Comprendre le lien entre le genre et les troubles causés par la consommation et l’abus de drogues est une exigence essentielle dans le développement et l’application de politiques efficaces. Cette étude examine la dimension du genre dans l’abus de médicaments sous ordonnance (NMUPD), en Europe et en région méditerranéenne; elle s’ajoute ainsi aux données déjà disponibles sur le sujet et cherche à identifier les lacunes.

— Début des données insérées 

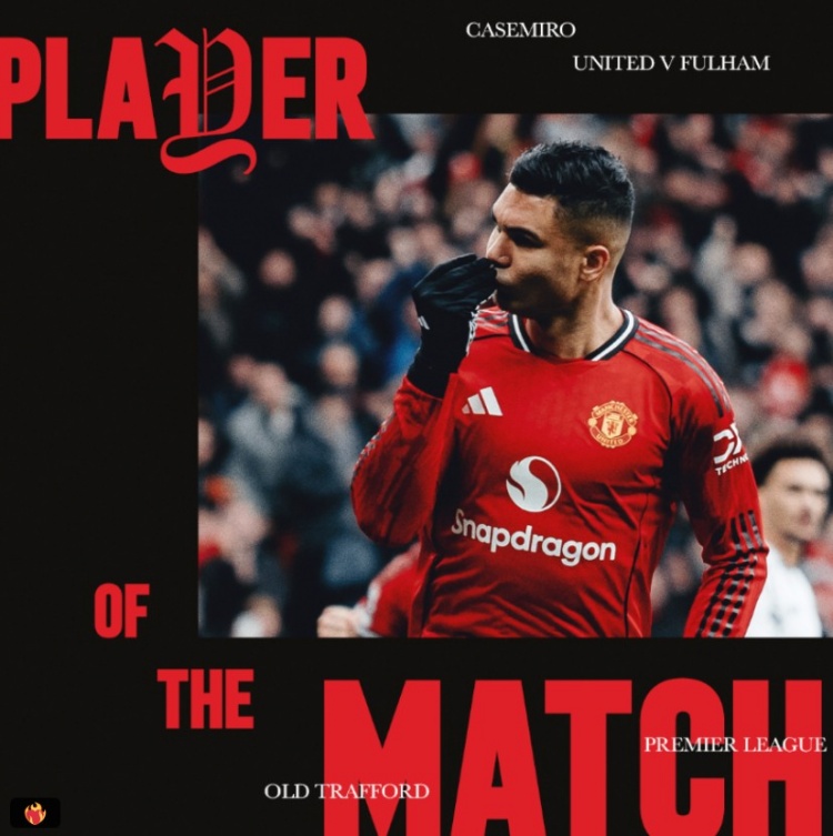 战胜富勒姆,赛后,曼联官方宣布,球队中场卡塞米罗当选本场比赛队内最佳球员。

En novembre 2013, les pays participants ont applaudi l’initiative du gouvernement italien de lancer et de financer un projet prenant en compte la spécificité du sexe, afin d’étudier la question du genre dans l’abus de médicaments sous ordonnance dans l’ensemble de l’Europe et de la région méditerranéenne. Moins d’un an plus tard, la première étude était menée.

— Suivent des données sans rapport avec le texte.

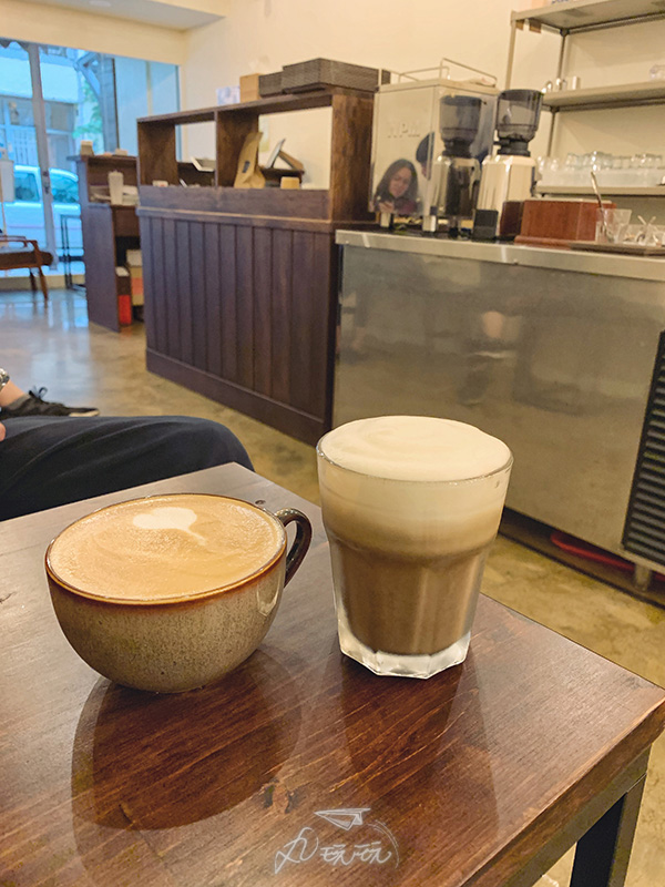 飲品部分為一杯熱拿鐵和冰的紅茶拿鐵。熱拿鐵同樣是由女店主負責,咖啡豆口味溫順搭配小農鮮乳整體中規中矩,雖然沒有漂亮的拉花,但女店主擅長在甜點製作就無需太苛求了。另一杯紅茶拿鐵,以花蓮在地蜜香紅茶所沖泡,搭配在地小農鮮乳所打發的濃厚奶泡,清甜的茶香與綿密奶泡所交織的紅茶拿鐵,我很喜歡。

Destinée initialement aux décideurs politiques et aux chercheurs, cette publication du Groupe Pompidou sur la question du genre a pour but d’examiner les spécificités liées au sexe dans l’usage et l’abus de médicaments en Europe et dans les pays du bassin méditerranéen. A l’aide de sources secondaires, elle cherche également à révéler les lacunes des données déjà disponibles sur le sujet ainsi qu’à apporter des recommandations pour des recherches futures, afin de développer une politique cohérente et une pratique efficace qui prennent en compte le genre.

Les femmes, les drogues et la violence

Les parcours de vie des femmes qui consomment des drogues sont ponctués par des traumatismes et de la violence, subis dans l’enfance ou à l’âge adulte. Ces femmes sont minoritaires parmi les patients rencontrés par les professionnels de la gestion des addictions et de la réduction des risques et des dommages, qui prennent en charge principalement des hommes. La publication du Conseil de l’Europe de 2015 sur La dimension de genre dans l’usage non médical de médicaments délivrés sur ordonnance en Europe et dans la région Méditerranée appelait à mieux comprendre le lien entre consommation de drogues chez les femmes et la violence. Une revue de la littérature sur les violences subies par les femmes consommatrices de drogues a d’abord montré que les consommateurs de drogues sont, au sein de la population générale, davantage confrontés à la violence et que leur consommation augmente avec les violences subies, notamment parmi les femmes. Afin d’inscrire cette recherche dans une perspective opérationnelle, le Groupe Pompidou, à l’initiative de l’Italie, a lancé une consultation de professionnels à travers des groupes de réflexion dans quatre pays: la France, l’Italie, le Portugal et l’Espagne. Les recommandations issues de cette consultation visant à améliorer la prise en charge des femmes consommatrices de drogues et victimes de violence figurent dans ce document. Les professionnels demandent aux politiques, en premier lieu, la reconnaissance du lien entre violences et usage de substances psychoactives par l’inscription de la question des violences dans les stratégies et plans nationaux de lutte contre les drogues, et par l’inscription de la dépendance aux substances psychoactives dans les stratégies et plan nationaux de lutte contre les violences à l’égard des femmes.